At Any Price(2)
“I’ve already got e-mails in to the top bidders.”
My brows shot up. That was quick. It wasn’t really like him to be so Johnny-on-the-spot like this. Heath—my best friend since the eighth grade and a surrogate older brother even if only by six months—was always this protective. When I’d showed him the Virgin Manifesto post about to go up on my blog, he’d freaked.
Fortunately, he calmed down and demanded to have control over the result. It was the compromise I had to put up with in exchange for his help and I knew I could trust him. Heath was the only man on this planet whom I did trust, actually.
We said good-bye and I closed my browser with a decisive click. I was sure my blog readers would demand a recap of the auction results tomorrow. This whole thing had gone semi-viral within the online community of gamers, and even beyond—Huffington Post, Jezebel, even Twitter. I squeezed my eyes closed, dreading the thought of writing that post. The readers would want answers and I didn’t have any. Not yet, anyway.
Regardless, there’d been complaints for the past few weeks that the auction had interfered with my regular posts. After all, it was a gaming blog, for God’s sake!
During the auction hoopla, most of my male readers had apparently come to the consensus that I rated an eight or higher. My opinion was probably closer to a solid six. But gamer dudes weren’t usually too picky when it came to women in our community. The main requirements were that a woman was breathing and had reasonably-sized breasts. As a girl gamer, if you stuck your nametag across your cleavage at Comic-Con, you were likely to never have them meet your gaze.
With shaky hands, I went about the next few hours in a haze. I made some tea from the small box of expensive Orange Pekoe—my favorite. I allowed myself the treat because it was a special occasion and I vowed to reuse the bag for breakfast in the morning. Nowadays, I had to enact cost measures like that. My scholarship money had dwindled and expenses were barely being covered by the ads on my blog and my part-time orderly job at the hospital.

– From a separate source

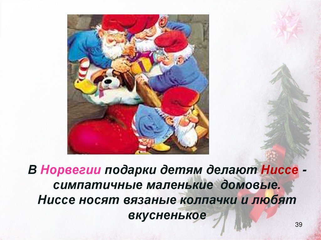 В Норвегии подарки детям делают Ниссе симпатичные маленькие домовые.Ниссе носят вязаные колпачки и любят

The auction idea had spawned from that necessity, despite the “high ideals” of the Virginity Manifesto. I honestly had posted it to open the conversation on reclaiming the age-old tradition of profiting from a woman’s purity. And yes, I’d wanted to make a statement about the value of my virginity being used for my own gain. I firmly believed in those ideals but my number one motivation was money, security. After using most of my loan money to help Mom with her medical bills, I had nothing saved up for medical school.

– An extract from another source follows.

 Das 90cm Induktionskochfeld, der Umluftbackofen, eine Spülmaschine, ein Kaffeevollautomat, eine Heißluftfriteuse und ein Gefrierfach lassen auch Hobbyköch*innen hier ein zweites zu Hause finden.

My only option was to hock my future completely by weighing it down under the burden of impossibly huge student loans. Did I really want to graduate medical school and go into three years of residency and throw in an oncology fellowship on top of that?

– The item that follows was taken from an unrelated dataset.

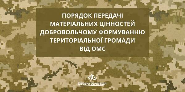 Порядок передачі матеріальних цінностей добровольчому формуванню територіальної громади від ОМС

I slipped an ice cube into the piping hot cup of tea and sipped at it while I broke out my study guides for the Medical College Admission Test (MCAT) with that same sinking feeling that accompanied my study sessions of late. I’d started out this year so hopeful that, with a retake, I could improve my abysmal score of the previous year. But as time had passed, it grew harder and harder to be optimistic.
The test was a little over three months away and there was still so much to review. With a deep breath I dug in and went over the topics for this week: hydrocarbons and oxygen-containing compounds. I checked the clock. I was due to meet Jon at the library for still more studying this evening. The group study would be the next day and, as always, I wanted to be ahead. If I didn’t walk in to that session extra-prepared, I always felt as if I was making a fool out of myself.
So I got to work.
***
That night, I met Jon at the university library at our usual study carrel. And truthfully, I was grateful for the distraction from my mind’s unswerving preoccupation with the auction.
“So?” Jon said as I settled into my usual chair.
I scrunched my brows at him. “What?”
“Can you come?” He looked at me with his pleading baby blues.
Jon and I had met during the previous year of premed at Chapman University. He’d transferred from one of the high-and-mighty Ivy Leagues. I never did get the full story on what happened there. It wasn’t like he was saving money by going to Chapman, a private university with a steep price tag.
My undergraduate tuition had been covered by my academic scholarship and I had worked extra hard to finish the requirements for graduation in three and a half years instead of the usual four, so this last semester was dedicated to work and study. If I didn’t improve my MCAT score, this would all be for naught and I’d be looking for something else to do with my BS in biology.